The Challenge, Criteria and Prize

Teams of three students are required to plan, prepare and execute a three-course, four-cover menu in 90 minutes. The Challenge criteria is focusing on the essential core skills and techniques studied on a second-year professional cookery course and will test student’s knowledge of both classical cooking and the more modern methods of the last 25 years.

The victorious teams from the semi-final heats will compete at the grand final, which will take place on the 13th March 2019 in the Live Theatre of ScotHot – Scotland’s largest hospitality and tourism show.

The cost per cover is £8 and the menus must include:

An Asian themed seabass starter – this must be made using a whole seabass, which must be filleted and presented to judges with bones and trim displayed.

A main duck dish cooked any way – demonstrating butchery skills students must remove both legs by tunnel boning before removing the breasts and presenting the whole carcass to the judges. Portion size for the dish is
to be half a breast per person and some of the leg meat.

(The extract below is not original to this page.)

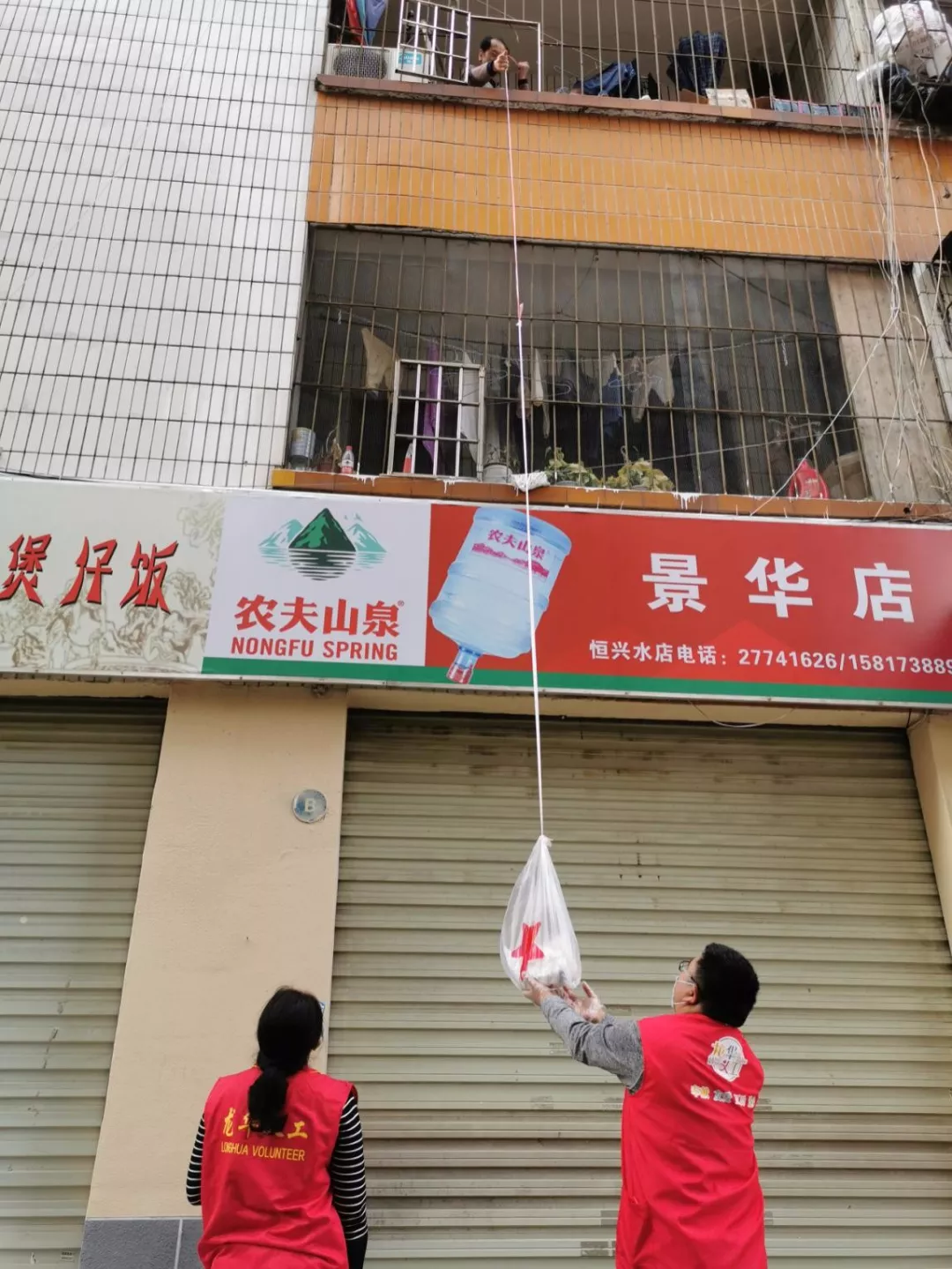 “為了實(shí)現(xiàn)無接觸配送,每天阿姨會把繩索放下來,她會電話告訴我們需要的菜品和生活用品,我們把她需要的東西都‘送’上去”。趙發(fā)威日常除了服務(wù)社區(qū)弱勢群體購買生活必需品,還承擔(dān)機(jī)動(dòng)崗為需要替崗的志愿者“愛心接力”、執(zhí)行社區(qū)抗疫檢測點(diǎn)的測溫登記工作。

A classically creative dessert with a modern twist that contains at least 30% of Country Range Chocolate Drops

The prize for the winning team for this special anniversary year is a day work experience placement at a Michelin-starred restaurant, as well as being taken on foodie tour of London which includes a guided tour of the capital’s famous Billingsgate Market where they will be taught fish filleting skills by the resident master fishmonger.